Input material:
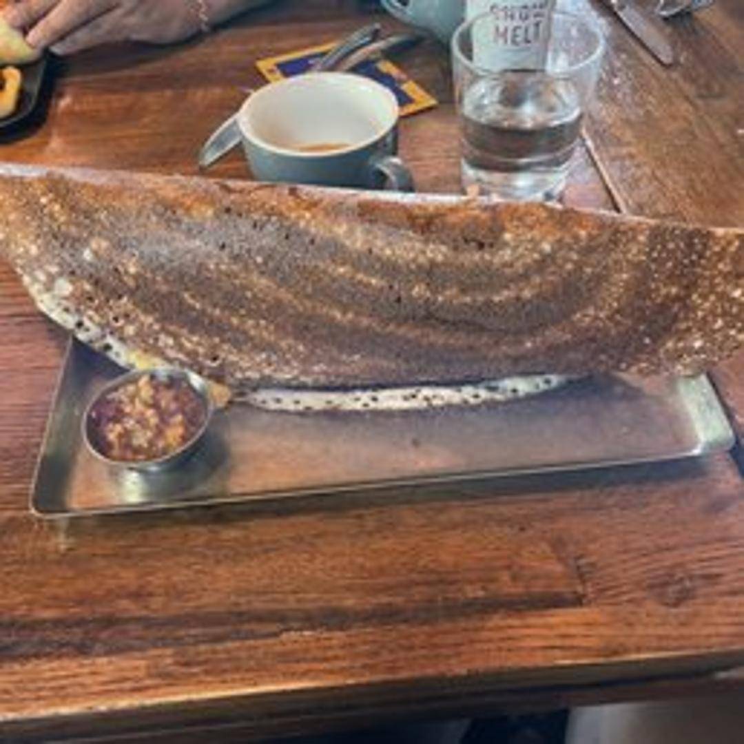 South Indian crepe filled with spiced potatoes and served with coconut chutney and sambar.
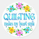 Una hermosa manera de mostrar cómo el tejido trae felicidad a tu vida. Estas flores coloridas y las palabras - Quilting hace que mi corazón sonría, seguro que expresará tu amor.
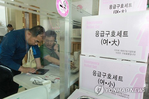 이재민들에게 지급디는 응급구호세트. 사진제공=연합뉴스
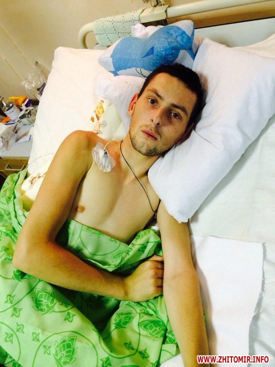 Віктор Мельнийчук, 35 років, житомирянин. Отримав уламком травму голови у зоні АТО 26 червня. На даний момент лікарі провели 2 операції - уламок потрапив у лобновісочну долю та роздробив кістку. Потребує коштів на лікування та реабілітацію, в родині двоє маленьких дітей. Картковий рахунок у Приватбанку 5168 7572 5303 1670 Мельнийчук Віктор Володимирович, картковий рахунок дружини Віктора 4627 0812 0396 5368 Мельнийчук Тетяна Сергіївна.
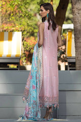A powder pink lawn shirt, inspired by Bua Blossoms, boasts intricate schiffli eyelets on its front and an exquisite display of embroidered motifs on its back. The neckline, sleeves, and shirt borders are elegantly adorned with pastel-hued scalloped embroidery on pure organza, using satin stitch and French knot techniques. The ensemble is perfectly complemented by a digitally printed iced blue chiffon dupatta, featuring imagery of rosettes, geometric borders, and linear florals that echo the delicate shades of pink, green, ivory, and buttercream, reminiscent of the lush floral landscapes of Thailand.
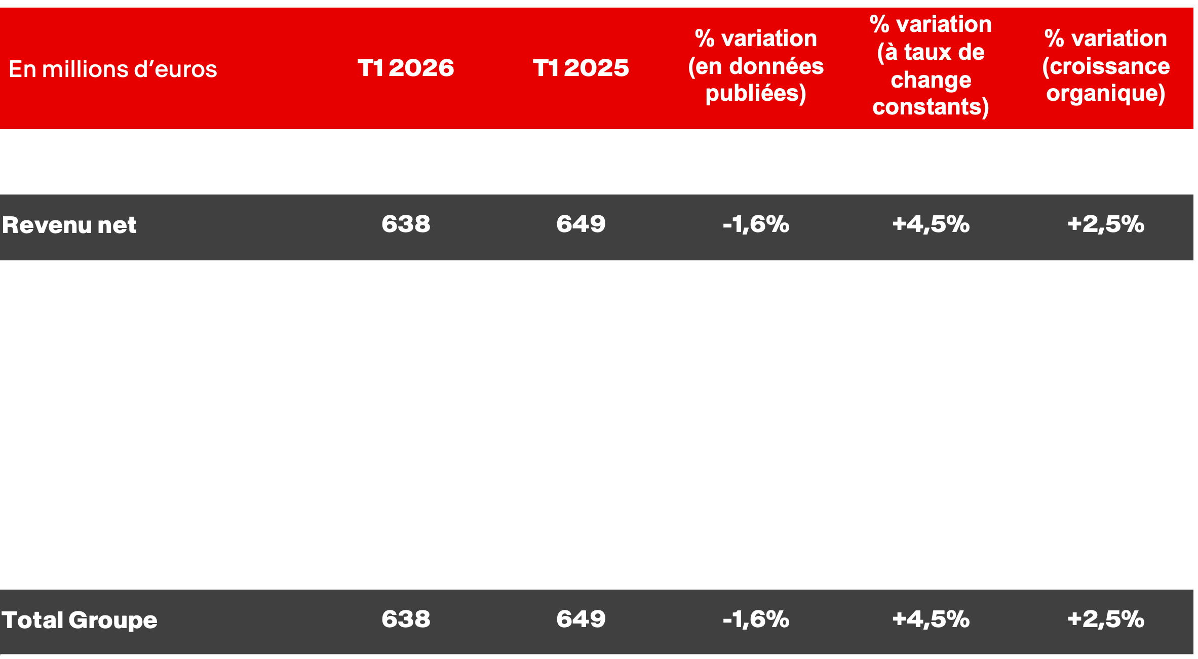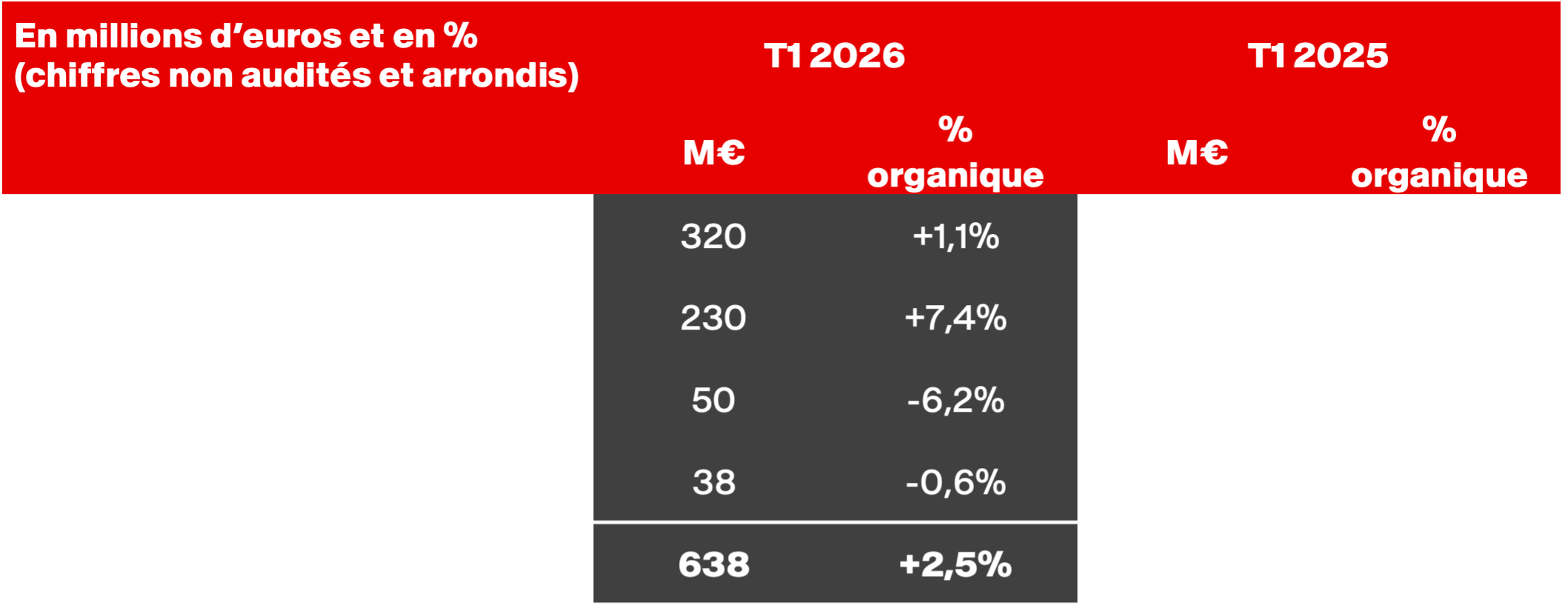 Le chiffre d’affaires atteint 667 millions d’euros, avec une croissance organique3 ode +2,8 %, et le revenu net4 s’élève à 638 millions d’euros, soit une croissance organique de +2,5 % par rapport à la même période en 2025.
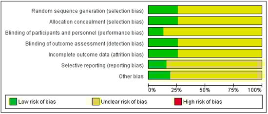 - McGuinness, L.A.; Higgins, J.P.T. Risk-of-bias VISualization (robvis): An R package and Shiny web app for visualizing risk-of-bias assessments. Res. Synth. Methods 2021, 12, 55–61. [Google Scholar] [CrossRef]
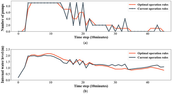 It is noted that NSGA-III was employed to optimize the pumping station’s operational strategies using historical flood event data. Specifically, the dataset was divided into 24 training events (comprising 2120 data points) and 14 testing events (comprising 659 data points), based on historical inflow and operational records. The training data were used to simulate the system’s responses under various operational strategies, incorporating the initial water levels, inflow conditions, and pump operation records to evaluate objective functions and refine the optimization process. Regarding the stationarity of the data, we recognize that urban hydrological systems are inherently subject to long-term non-stationary influences such as land use changes and climate variability. However, for the purposes of this study, we assumed relative short-term stationarity in both the hydrological and infrastructural conditions over the selected study period. This assumption is supported by the observed consistency in the rainfall patterns, inflow characteristics, and operational settings across the selected events.
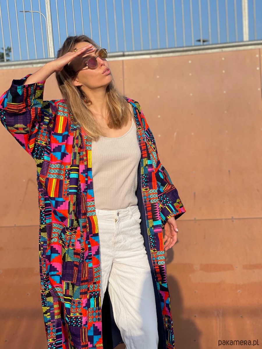 Kimono Dreamer to uniseksowy model uszyty z najwyższej jakości bawełnianej tkaniny African Wax.
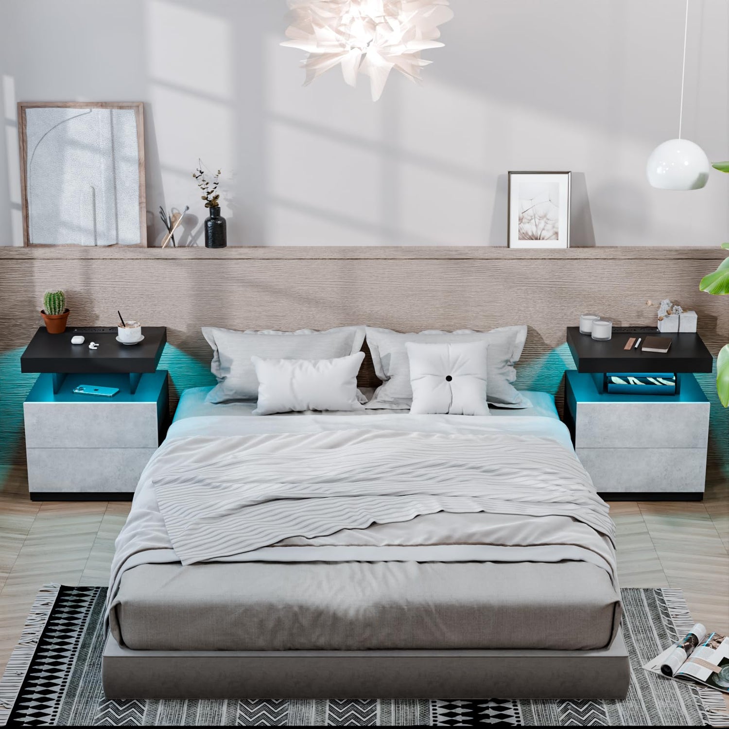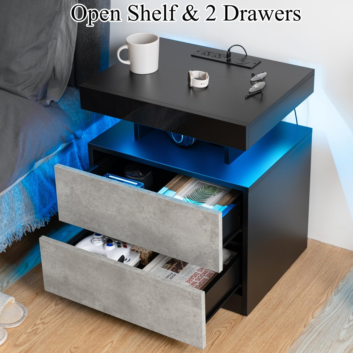 HOMMPA LED Nightstand with Wireless Charging Station & USB Ports High Gloss Bedside Table with LED Light RGB Adjustable Brightness Smart Nightstand 2 Drawers Night Stand for Bedroom Grey
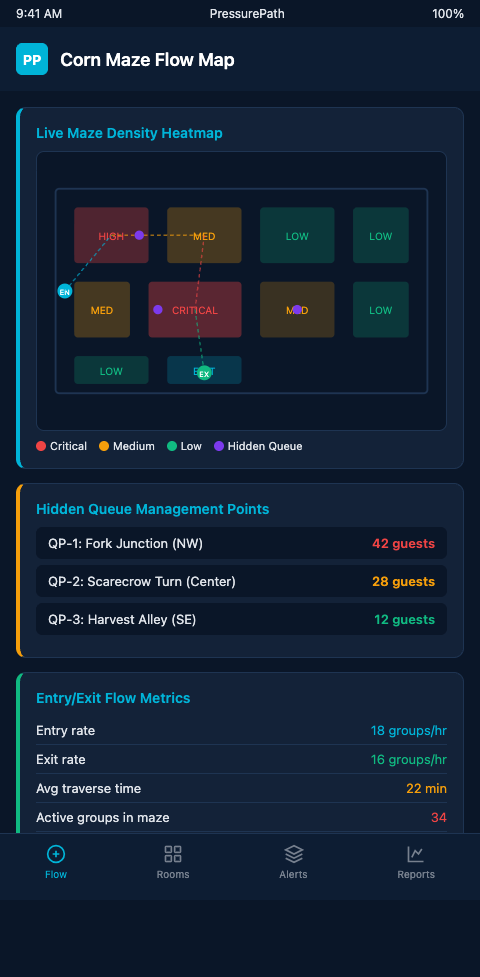 PressurePath applies the same modeling logic to corn maze path networks. The pre-opening pressure check for a corn maze identifies convergence risk at each junction point and recommends the batch intervals and path-assignment strategies that reduce simultaneous arrivals to the scare chamber. The model doesn't require sensor infrastructure — it uses path length, width, and average transit time to predict flow state.

Task directions: The required answer is an exact, picture-free copy of the lines from the opening of the listing above through the line with "Віктор Мельнийчук, 35".

Your solution:
 South Indian crepe filled with spiced potatoes and served with coconut chutney and sambar.
 Una hermosa manera de mostrar cómo el tejido trae felicidad a tu vida. Estas flores coloridas y las palabras - Quilting hace que mi corazón sonría, seguro que expresará tu amor.
 이재민들에게 지급디는 응급구호세트. 사진제공=연합뉴스
 Віктор Мельнийчук, 35 років, житомирянин. Отримав уламком травму голови у зоні АТО 26 червня. На даний момент лікарі провели 2 операції - уламок потрапив у лобновісочну долю та роздробив кістку. Потребує коштів на лікування та реабілітацію, в родині двоє маленьких дітей. Картковий рахунок у Приватбанку 5168 7572 5303 1670 Мельнийчук Віктор Володимирович, картковий рахунок дружини Віктора 4627 0812 0396 5368 Мельнийчук Тетяна Сергіївна.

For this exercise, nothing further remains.